_What is needed:_ Retype nothing except the lines below from the one with "Figure 1 An" through the one with "こういうふうに「田辺大根」の", exactly, with images left out.

_Information:_
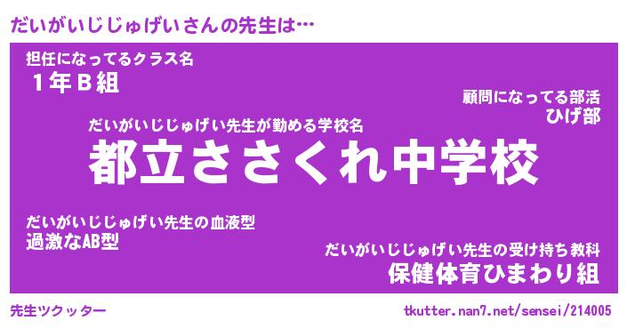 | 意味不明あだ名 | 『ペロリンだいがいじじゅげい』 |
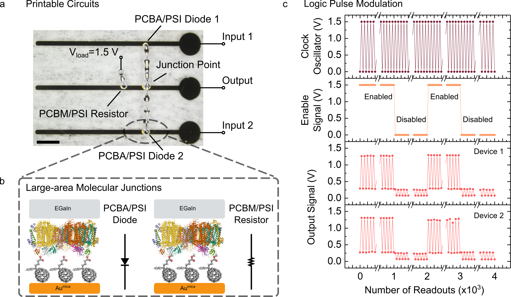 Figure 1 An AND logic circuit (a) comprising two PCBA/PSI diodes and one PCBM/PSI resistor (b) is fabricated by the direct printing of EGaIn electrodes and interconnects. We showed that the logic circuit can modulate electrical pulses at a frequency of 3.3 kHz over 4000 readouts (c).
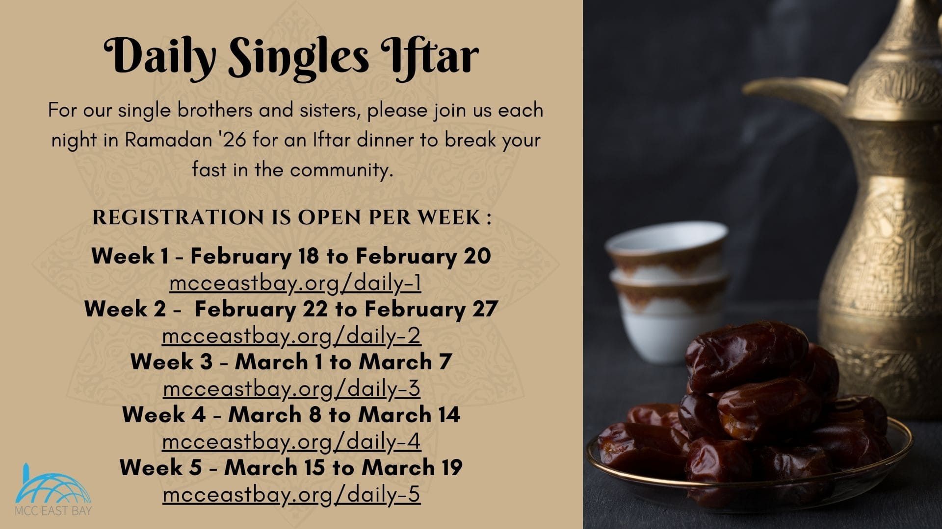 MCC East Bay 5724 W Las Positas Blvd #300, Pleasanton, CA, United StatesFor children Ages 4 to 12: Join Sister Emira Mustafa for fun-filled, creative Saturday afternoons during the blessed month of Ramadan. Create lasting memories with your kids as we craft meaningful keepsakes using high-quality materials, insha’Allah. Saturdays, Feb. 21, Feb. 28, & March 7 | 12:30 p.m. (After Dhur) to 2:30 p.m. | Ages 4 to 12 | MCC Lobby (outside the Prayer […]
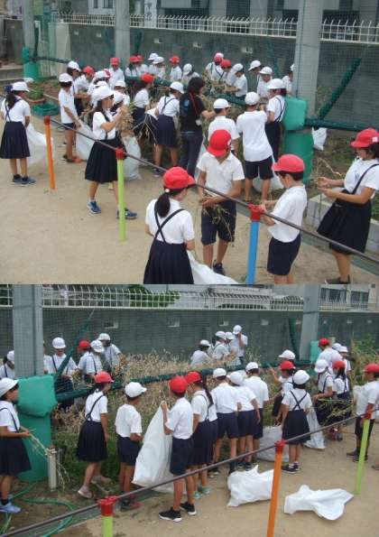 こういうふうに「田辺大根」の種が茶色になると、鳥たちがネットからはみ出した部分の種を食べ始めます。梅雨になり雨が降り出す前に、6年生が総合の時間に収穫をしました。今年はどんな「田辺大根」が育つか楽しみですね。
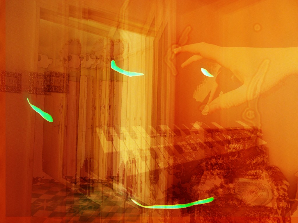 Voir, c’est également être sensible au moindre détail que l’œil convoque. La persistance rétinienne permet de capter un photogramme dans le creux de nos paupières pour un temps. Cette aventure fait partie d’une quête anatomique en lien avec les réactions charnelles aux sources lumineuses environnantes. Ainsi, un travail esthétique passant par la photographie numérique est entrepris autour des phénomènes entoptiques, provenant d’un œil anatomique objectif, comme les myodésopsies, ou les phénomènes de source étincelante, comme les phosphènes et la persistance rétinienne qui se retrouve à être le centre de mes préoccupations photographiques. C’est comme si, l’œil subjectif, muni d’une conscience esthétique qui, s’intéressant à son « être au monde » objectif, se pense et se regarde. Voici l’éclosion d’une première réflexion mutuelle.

_Solution for this problem:_
 Figure 1 An AND logic circuit (a) comprising two PCBA/PSI diodes and one PCBM/PSI resistor (b) is fabricated by the direct printing of EGaIn electrodes and interconnects. We showed that the logic circuit can modulate electrical pulses at a frequency of 3.3 kHz over 4000 readouts (c).
 MCC East Bay 5724 W Las Positas Blvd #300, Pleasanton, CA, United StatesFor children Ages 4 to 12: Join Sister Emira Mustafa for fun-filled, creative Saturday afternoons during the blessed month of Ramadan. Create lasting memories with your kids as we craft meaningful keepsakes using high-quality materials, insha’Allah. Saturdays, Feb. 21, Feb. 28, & March 7 | 12:30 p.m. (After Dhur) to 2:30 p.m. | Ages 4 to 12 | MCC Lobby (outside the Prayer […]
 こういうふうに「田辺大根」の種が茶色になると、鳥たちがネットからはみ出した部分の種を食べ始めます。梅雨になり雨が降り出す前に、6年生が総合の時間に収穫をしました。今年はどんな「田辺大根」が育つか楽しみですね。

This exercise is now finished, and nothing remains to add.